Solved

Grep for all Page Titles

Posted on 2002-03-13
29
447 Views
Last Modified: 2012-05-04
I need to get a text file that lists all of the titles (text within the <title></title> tags) for every webpage on my site. I imagine I need to use the grep command. I would like to write it to a file in my user directory:

> $HOME/me

Please assist!

spreeez
0
Comment
Question by:spreeez
  • 14
  • 12
  • 2
  • +1
29 Comments
 
LVL 1

Expert Comment

by:Sixpax
ID: 6861894
Put yourself in the parent directory where the wep page files start.  Then run this:

find . -type f -name '*.htm*' -exec grep -i title {} \;

This won't work though if your titles are more than 2 lines of text.  If that's the case, let me know and I'll see if I can write you up a quick and dirty script to do it.
0
 
LVL 1

Expert Comment

by:Sixpax
ID: 6861903
BTW, that will send output to the terminal, not your file.

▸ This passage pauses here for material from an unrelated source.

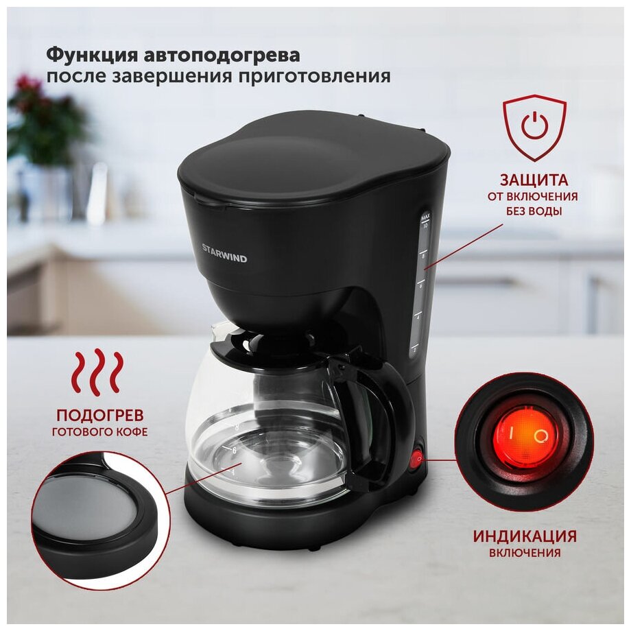Кофеварка капельная Starwind STD1212 черный интересное:

If you are happy with the results, run the same command with this appended to the end:

  > $HOME/me

0
 

Author Comment

by:spreeez
ID: 6862080
Sixpax,

Thanks for the reply. Yes, this worked fairly well, although the results text file is a bit discombobulated because of cases where there was a form in which a field name had a name of title or other similar cases. Also, there are cases in which a title has a carriage return in it.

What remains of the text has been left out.